Project

General

Profile

Actions

Bug #3650

closed

nfd-status not working

Added by Junxiao Shi almost 8 years ago. Updated over 7 years ago.

Status:
Closed
Priority:
High
Category:
Tools
Target version:
Start date:
06/14/2016
Due date:
% Done:

100%

Estimated time:

Description

Environment: Ubuntu 14.04

nfd-status does not display NFD status information, but returns immediately without any output or error message.

However nfd-status -h is working properly.


Files

nfd-status-strace.txt (53.4 KB) nfd-status-strace.txt Alex Afanasyev, 06/14/2016 06:01 PM
Actions #1

Updated by Junxiao Shi almost 8 years ago

  • Description updated (diff)
  • Assignee set to Alex Afanasyev
  • Priority changed from Normal to High

Priority is increased to Urgent because there are already five complaints.

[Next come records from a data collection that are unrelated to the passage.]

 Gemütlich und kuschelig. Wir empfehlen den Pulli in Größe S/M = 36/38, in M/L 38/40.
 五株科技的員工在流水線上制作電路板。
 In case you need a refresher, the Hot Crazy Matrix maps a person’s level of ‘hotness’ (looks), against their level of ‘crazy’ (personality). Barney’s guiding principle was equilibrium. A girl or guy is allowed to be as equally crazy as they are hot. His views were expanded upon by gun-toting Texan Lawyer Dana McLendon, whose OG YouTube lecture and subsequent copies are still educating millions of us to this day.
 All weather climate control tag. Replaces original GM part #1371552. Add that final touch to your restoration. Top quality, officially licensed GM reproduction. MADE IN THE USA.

Ashlesh has performed a bisect and finds that the last good version is NFD:commit:ace83ac9384da037a36695888e829d7337ce36b0 which means the first bad version is NFD:commit:ab49745afe0967eb59d1005efce92894c66fcf7f.

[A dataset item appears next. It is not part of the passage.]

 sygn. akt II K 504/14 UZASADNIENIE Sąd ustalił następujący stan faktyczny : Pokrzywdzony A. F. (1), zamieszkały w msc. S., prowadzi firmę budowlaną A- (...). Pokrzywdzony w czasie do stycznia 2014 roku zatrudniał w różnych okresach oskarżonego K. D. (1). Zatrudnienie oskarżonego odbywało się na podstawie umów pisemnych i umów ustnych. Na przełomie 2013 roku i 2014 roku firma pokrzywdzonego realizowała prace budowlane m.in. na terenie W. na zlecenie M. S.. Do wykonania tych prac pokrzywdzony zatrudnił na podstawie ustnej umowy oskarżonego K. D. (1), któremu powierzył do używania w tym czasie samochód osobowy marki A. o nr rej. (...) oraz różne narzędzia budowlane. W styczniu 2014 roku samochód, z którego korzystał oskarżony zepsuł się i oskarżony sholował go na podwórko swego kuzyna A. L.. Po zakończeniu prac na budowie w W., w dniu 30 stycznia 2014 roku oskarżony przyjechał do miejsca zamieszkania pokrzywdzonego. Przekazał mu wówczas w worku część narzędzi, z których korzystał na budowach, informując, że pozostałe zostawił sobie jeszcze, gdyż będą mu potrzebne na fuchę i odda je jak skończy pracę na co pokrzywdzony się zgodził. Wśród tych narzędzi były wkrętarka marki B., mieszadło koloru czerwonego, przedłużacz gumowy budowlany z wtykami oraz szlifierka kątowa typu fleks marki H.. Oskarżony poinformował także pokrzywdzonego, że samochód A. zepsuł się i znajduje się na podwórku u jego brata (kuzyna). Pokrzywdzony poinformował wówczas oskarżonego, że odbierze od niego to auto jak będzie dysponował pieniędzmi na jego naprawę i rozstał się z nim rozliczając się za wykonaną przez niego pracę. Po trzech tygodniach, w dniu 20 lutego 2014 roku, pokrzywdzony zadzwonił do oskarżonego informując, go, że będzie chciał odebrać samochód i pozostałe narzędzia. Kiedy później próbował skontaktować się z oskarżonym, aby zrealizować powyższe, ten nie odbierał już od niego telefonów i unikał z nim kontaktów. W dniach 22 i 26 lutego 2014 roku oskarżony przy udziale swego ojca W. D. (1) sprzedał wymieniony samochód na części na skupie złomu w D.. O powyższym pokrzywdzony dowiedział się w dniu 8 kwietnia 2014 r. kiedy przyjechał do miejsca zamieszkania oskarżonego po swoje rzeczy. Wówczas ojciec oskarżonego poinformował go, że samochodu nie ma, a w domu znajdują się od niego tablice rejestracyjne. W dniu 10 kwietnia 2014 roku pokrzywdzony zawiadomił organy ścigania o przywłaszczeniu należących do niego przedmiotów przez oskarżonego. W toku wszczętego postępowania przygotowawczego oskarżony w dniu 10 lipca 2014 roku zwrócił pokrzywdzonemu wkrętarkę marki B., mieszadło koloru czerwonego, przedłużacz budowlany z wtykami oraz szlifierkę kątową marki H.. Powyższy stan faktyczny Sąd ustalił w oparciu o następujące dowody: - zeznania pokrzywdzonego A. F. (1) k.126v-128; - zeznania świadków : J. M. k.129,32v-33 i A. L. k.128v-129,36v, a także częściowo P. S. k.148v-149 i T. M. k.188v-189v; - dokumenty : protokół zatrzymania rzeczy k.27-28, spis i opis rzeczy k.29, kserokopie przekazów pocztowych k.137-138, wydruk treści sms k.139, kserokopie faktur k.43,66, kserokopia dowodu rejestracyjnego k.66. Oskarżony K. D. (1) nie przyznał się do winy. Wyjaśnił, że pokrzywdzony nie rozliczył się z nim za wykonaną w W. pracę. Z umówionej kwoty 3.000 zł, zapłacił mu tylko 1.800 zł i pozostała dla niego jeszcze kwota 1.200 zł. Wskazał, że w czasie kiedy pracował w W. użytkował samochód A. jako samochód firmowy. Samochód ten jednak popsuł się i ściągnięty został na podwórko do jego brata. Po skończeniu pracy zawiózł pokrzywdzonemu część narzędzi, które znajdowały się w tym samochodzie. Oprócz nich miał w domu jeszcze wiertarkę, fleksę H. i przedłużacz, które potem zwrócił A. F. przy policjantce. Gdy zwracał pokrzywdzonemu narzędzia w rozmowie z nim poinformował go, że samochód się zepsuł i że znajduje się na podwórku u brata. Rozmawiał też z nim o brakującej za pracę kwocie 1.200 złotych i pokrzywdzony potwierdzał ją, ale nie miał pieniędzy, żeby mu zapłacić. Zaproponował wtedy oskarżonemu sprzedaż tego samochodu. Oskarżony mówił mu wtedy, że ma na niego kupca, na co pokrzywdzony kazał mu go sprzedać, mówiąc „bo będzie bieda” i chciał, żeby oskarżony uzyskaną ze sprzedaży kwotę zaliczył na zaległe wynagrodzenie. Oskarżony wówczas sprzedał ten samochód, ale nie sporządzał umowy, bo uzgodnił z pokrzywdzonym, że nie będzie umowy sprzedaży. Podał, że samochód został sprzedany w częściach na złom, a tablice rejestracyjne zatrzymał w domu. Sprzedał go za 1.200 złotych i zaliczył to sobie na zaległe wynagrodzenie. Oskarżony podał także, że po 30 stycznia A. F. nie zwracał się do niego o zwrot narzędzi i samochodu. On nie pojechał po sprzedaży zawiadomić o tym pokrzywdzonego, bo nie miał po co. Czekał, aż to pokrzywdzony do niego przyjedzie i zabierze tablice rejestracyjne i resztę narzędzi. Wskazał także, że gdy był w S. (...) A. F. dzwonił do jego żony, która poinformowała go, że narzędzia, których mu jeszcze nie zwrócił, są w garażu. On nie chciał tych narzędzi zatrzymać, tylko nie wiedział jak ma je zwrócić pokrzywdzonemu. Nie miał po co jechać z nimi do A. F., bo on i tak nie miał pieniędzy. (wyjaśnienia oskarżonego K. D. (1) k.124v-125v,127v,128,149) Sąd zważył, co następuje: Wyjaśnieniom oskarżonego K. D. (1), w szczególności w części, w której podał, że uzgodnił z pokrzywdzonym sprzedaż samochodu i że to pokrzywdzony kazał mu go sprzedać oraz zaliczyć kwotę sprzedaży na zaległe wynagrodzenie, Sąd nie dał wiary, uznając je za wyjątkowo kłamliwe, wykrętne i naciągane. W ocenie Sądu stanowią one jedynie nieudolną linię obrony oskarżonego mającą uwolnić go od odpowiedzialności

The only change that might affect nfd-status is in wscript:

conf.check_boost(lib=boost_libs, mt=True)

mt=True is added in this commit.
I wonder, what's the implication when NFD has mt=True while ndn-cxx does not?

This line is added by Alex in patchset7, so I'm assigning this issue to Alex.

Actions #2

Updated by Alex Afanasyev almost 8 years ago

  • Status changed from New to In Progress
Actions #3

Updated by Alex Afanasyev almost 8 years ago

I was finally reproduce the problem in clean Ubuntu 14.04 environment by just compiling master commits of ndn-cxx and NFD. Few observations:

  • nfd-status exits with code 0, but prints nothing
  • strace nfd-status attached
  • currently, all tools depend on core-objects, which for nfd-status results in the following command line
  /usr/bin/g++ -pthread tools/nfd-status.cpp.3.o core/city-hash.cpp.2.o core/config-file.cpp.2.o core/global-io.cpp.2.o core/manager-base.cpp.2.o core/network-interface.cpp.2.o core/network.cpp.2.o core/privilege-helper.cpp.2.o core/random.cpp.2.o core/scheduler.cpp.2.o core/logger-factory.cpp.2.o core/logger.cpp.2.o -o /home/vagrant/NFD/build/bin/nfd-status -Wl,-Bstatic -L/usr/lib/x86_64-linux-gnu -Wl,-Bdynamic -L/usr/lib/x86_64-linux-gnu -L/usr/local/lib -lboost_system -lboost_chrono -lboost_program_options -lboost_random -lboost_thread -lboost_log -lboost_log_setup -lndn-cxx -lboost_system -lboost_filesystem -lboost_date_time -lboost_iostreams -lboost_regex -lboost_program_options -lboost_chrono -lboost_random -lcryptopp -lsqlite3 -lrt -lpthread -lrt -lresolv

Manually removing all core/* dependencies, fixes the issue.

  • ndn-cxx example (I copied consumer.cpp into tools/) when compiled with core/*, stops working (Face::processEvents() returns immediately)

  • Ha. Calling Face::getIoService()::run() makes the app to work correctly.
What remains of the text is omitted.